Use cases for flexible abstractions around target features

This document collects a few examples of situations in which achieving optimal performance for equivalent functionality on different SIMD platforms differs more than in choosing to use different instructions (either manually, by special-casing some platforms, or by letting the compiler take care of it).

The examples below come from real usecases in the context of compression libraries (specifically, image and text codecs).

Given that the "native" way to do abstractions in Rust is through types and generics, in the author's opinion the best way to express the different behaviours is through encapsulation in the type system; this in turn makes having an ergonomic way to somehow tie together types and target features an important characteristic of any approach to function multiversioning.

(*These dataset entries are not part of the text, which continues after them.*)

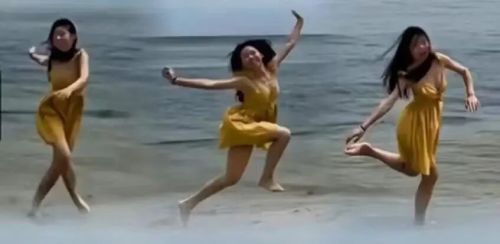 最后压轴的是这张海边黄色裙子三连拍,本来想要“风吹裙摆·仙女下凡”,结果拍出来的动作僵硬又鬼畜……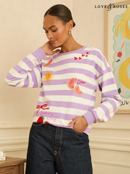 Love & Roses Lilac Purple Stripe Embroidered Sweat Top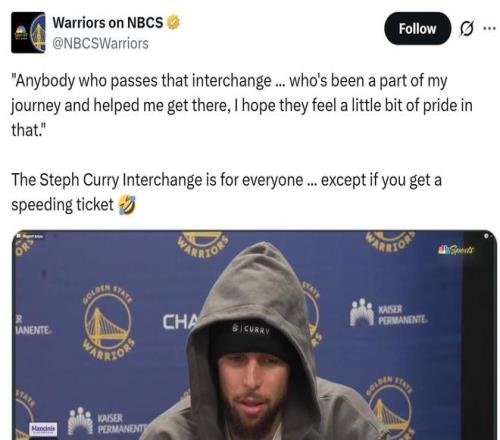 库里赛后谈及这一话题说道:“我打了一辈子球,能够通过这种方式与社区建立联系真的是意义重大,我对这份殊荣受宠若惊,也希望陪伴我旅程的每个人都能感到一丝骄傲,当然,如果你超速被罚款,别来找我。”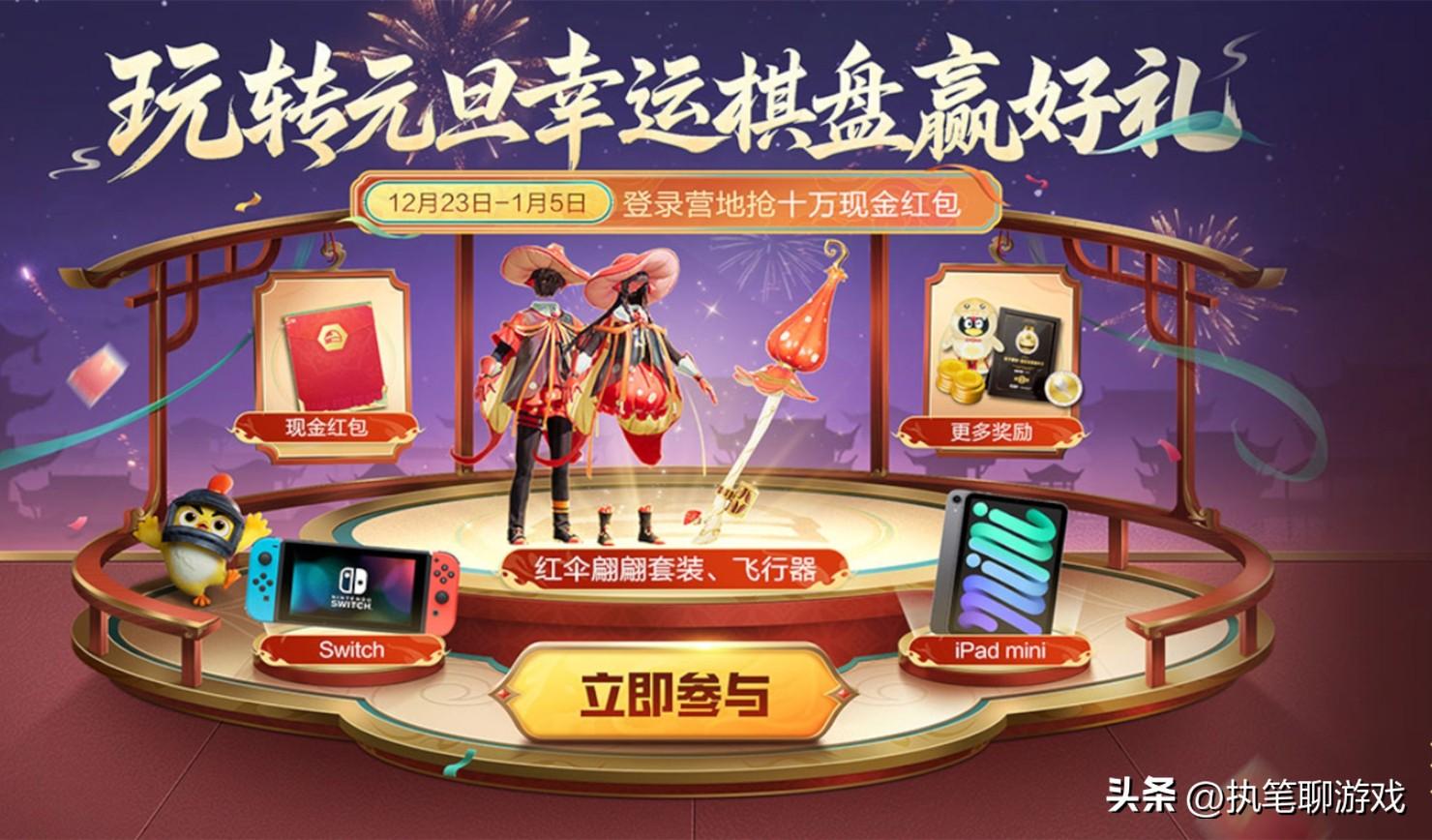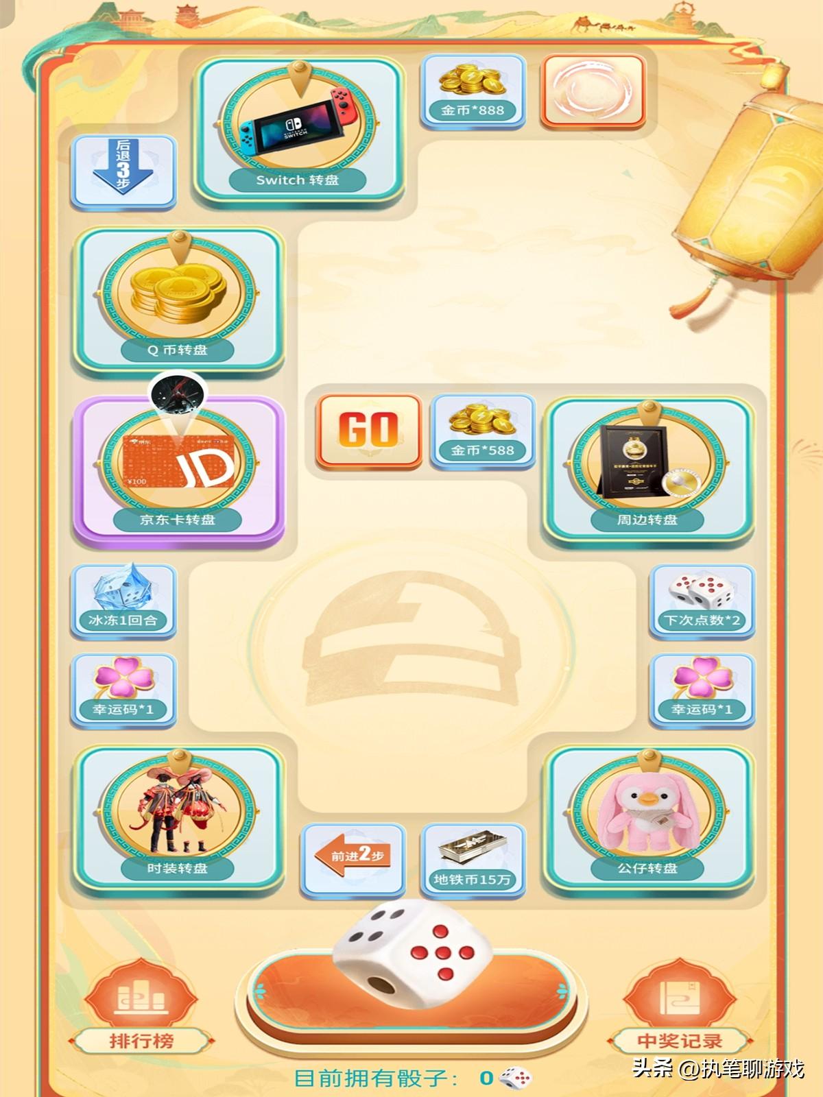 聊完了周6下午17點開啓的“賽事集市”後,咱們來跟進一下《和平精英》的福利吧,目前已經開啓了“元旦幸運棋盤”,看起來像是大富翁似的,在和平營地裏進行,光子此次拿出了紅傘翩翩、飛行器等獎勵。

A simple case: ensuring usage of native vector width

In many cases, generating the optimal code boils down to ensuring the correct vector size is used. One such example is for 2d (Inverse) Discrete Cosine Transforms, quite common in image codecs. Modern codecs use DCTs of various sizes, up to 256x256 in some cases.

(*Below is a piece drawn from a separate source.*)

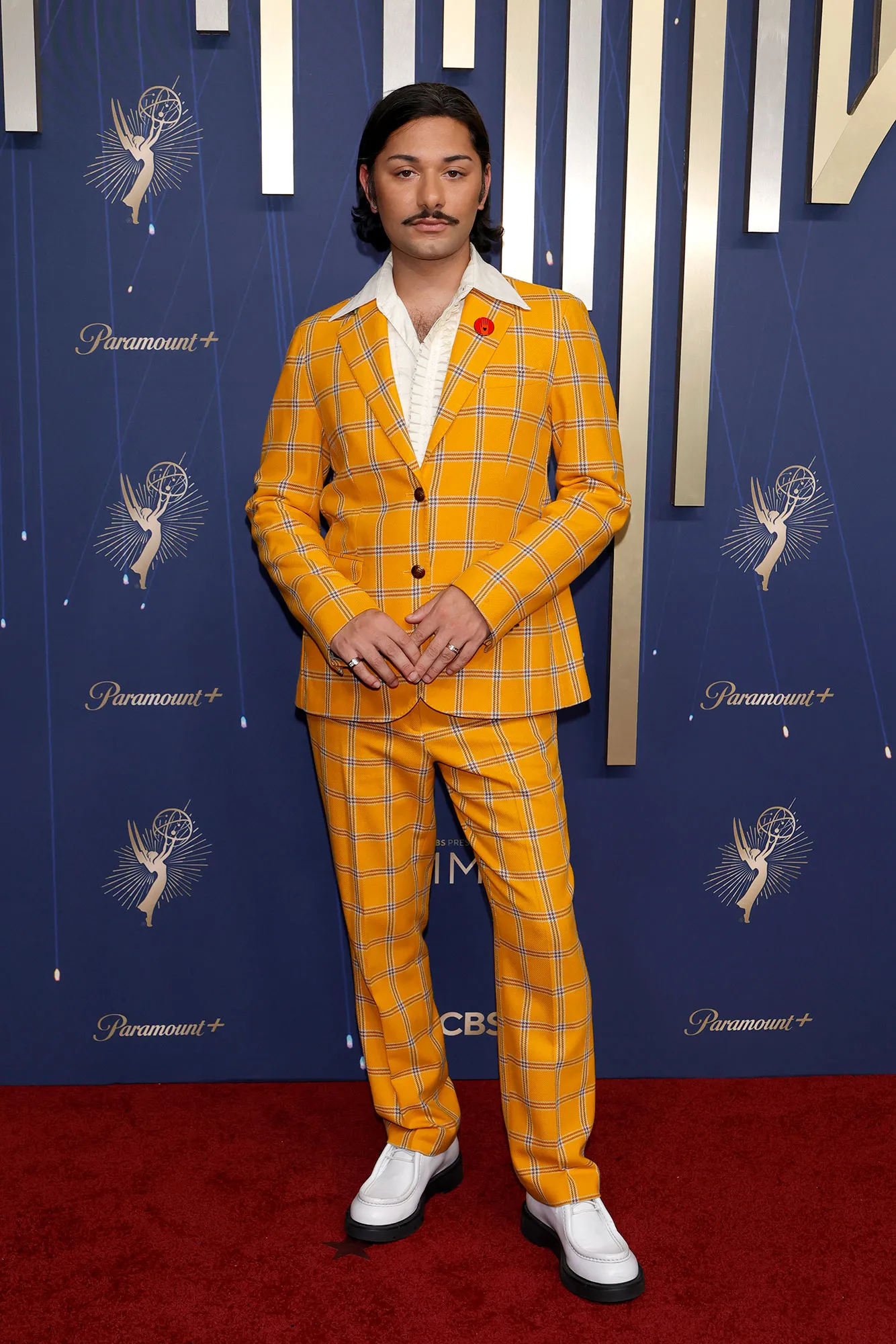 Mark Indelicato lit up the red carpet in an orange Etro suit that was impossible to miss, paired with a vintage ruffle shirt that gave the whole look a groovy nod to the 1970s. The bold colour and retro detailing felt playful yet polished, the kind of outfit that captures attention without trying too hard. It was a perfect blend of throwback energy and modern tailoring, proving that sometimes the best red-carpet moments are the ones that channel a little vintage spirit.

A typical 2d DCT implementation (see i.e. here) on a NxN block works in four stages:

1d DCT on each column in the block
NxN matrix transposition
1d DCT on each column of the transposed block (i.e. row-wise-DCT of the original block)
NxN matrix transposition

Both the 1d DCT on columns and the matrix transposition can be SIMDfied:

the 1d DCT can be executed on a set of consecutive columns at once
the matrix transposition can be done block-by-block

Both of those functions benefit greatly from knowing the native vector size:

1d DCTs use a large amount of registers; operating on, say, 2x long vectors would effectively double the registers required, unless LLVM's instruction reordering manages to de-interleave operations on the two halves; even then, it would still double code size, and make code re-use between different DCT sizes harder. Since the machine code for even a 16-DCT has a significant number of instructions (>200), these drawbacks are quite significant.
For matrix transposition, the natural block size to operate on when having K-long vectors is KxK. Doubling the vector size would imply needing to emulate vector-pair to vector-pair shuffles instead of doing 4 single-vector shuffles, which is more expensive and increases register usage by a factor of 4, likely leading to spills.

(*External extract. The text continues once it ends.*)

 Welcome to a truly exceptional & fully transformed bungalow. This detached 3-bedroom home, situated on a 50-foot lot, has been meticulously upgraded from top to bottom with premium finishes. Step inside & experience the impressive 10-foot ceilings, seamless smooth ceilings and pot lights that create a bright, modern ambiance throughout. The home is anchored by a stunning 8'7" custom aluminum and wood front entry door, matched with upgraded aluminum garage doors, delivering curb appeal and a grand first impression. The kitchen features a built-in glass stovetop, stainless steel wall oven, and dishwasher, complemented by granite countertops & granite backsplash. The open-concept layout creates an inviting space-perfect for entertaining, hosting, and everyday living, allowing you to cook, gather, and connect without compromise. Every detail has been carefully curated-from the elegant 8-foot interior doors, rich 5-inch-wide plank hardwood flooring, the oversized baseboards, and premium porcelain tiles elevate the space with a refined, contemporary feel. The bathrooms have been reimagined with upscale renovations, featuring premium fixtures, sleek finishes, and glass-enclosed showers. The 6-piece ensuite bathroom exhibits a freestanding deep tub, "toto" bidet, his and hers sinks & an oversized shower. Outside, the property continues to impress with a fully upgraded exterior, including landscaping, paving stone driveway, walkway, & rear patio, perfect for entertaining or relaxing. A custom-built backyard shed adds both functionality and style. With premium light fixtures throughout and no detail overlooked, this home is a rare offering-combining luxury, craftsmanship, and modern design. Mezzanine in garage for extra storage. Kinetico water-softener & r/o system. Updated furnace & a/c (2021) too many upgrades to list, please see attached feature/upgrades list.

Moreover, 1d DCTs are often implemented recursively (again to improve code reuse, see i.e. here), which means that having a function that applies a 1d DCT to a list of vectors of native size is a natural API for such functions to have. Similarly, "transpose a KxK block where K is the native vector size" is also a natural API to implement arbitrary matrix transpositions.

More complex cases: feature-dependent algorithms that need different precomputed data

Consider the case of wanting to compute pow(x, a) for many values of x in a predefined range (say, [0.1, 1]) and a fixed, but not known at compile time, a. This comes up for example when implementing Color Management Systems, which need to apply user-provided transformations of the form x -> (ax+b)^e to transform pixel data between color profiles, in the middle of a somewhat flexible transformation pipeline. Typically, such transformations involve multiple millions of values for x and a single fixed a.

Two efficient approaches for this transformation are the following:

Pre-compute b = log2(a), then compute exp2(log2(x)*b). Note that computing exp2 and log2 usually involves evaluating rational polynomials (see here) and fiddling with floating point representations.
Pre-compute a lookup table with L entries, say each with the value of pow(2, a*i). Also pre-compute a rational polynomial approximation of pow(x, a) for x in i.e. [0.5, 2). Then, evaluation involves reducing the input values x to the form 2^i * x' with x' in the appropriate range (fiddling with floating point representations), evaluating a rational polynomial approximation for pow(x', a), doing a table lookup by i and multiplying the results.

The second approach can be faster if the number of evaluations of pow(x, a) is large enough and the relevant target supports fast table lookups in sufficiently-large tables; however the optimal size of the lookup table and the degree of the rational polynomials to be used depends on the target; moreover, computing rational polynomial approximations is quite time-consuming, so it is best done only once.

Thus, the data that should be pre-computed to make this evaluation efficient varies significantly with the SIMD instruction set that the code is meant to be used with. A natural API would then be to have a struct that stores this pre-computed data, and is passed around to all functions that need to compute pow(x, a). Such a struct is naturally heavily dependent on the target features of the function it is used in.

Similar situations arise also when implementing fast Huffman coding, which is relevant both for image (1, 2) and text compressors. In particular, if the SIMD hardware supports lookups in tables of size up to L efficiently, Huffman encoding of an alphabet of up to L symbols can be done extremely quickly; thus, a compressor might decide to constrain the Huffman alphabet such that only L different symbols are used, and pass down such a feature-dependent lookup table to parts of the code that do the actual Huffman coding through the image and text processing steps. Again a natural API uses feature-dependent types.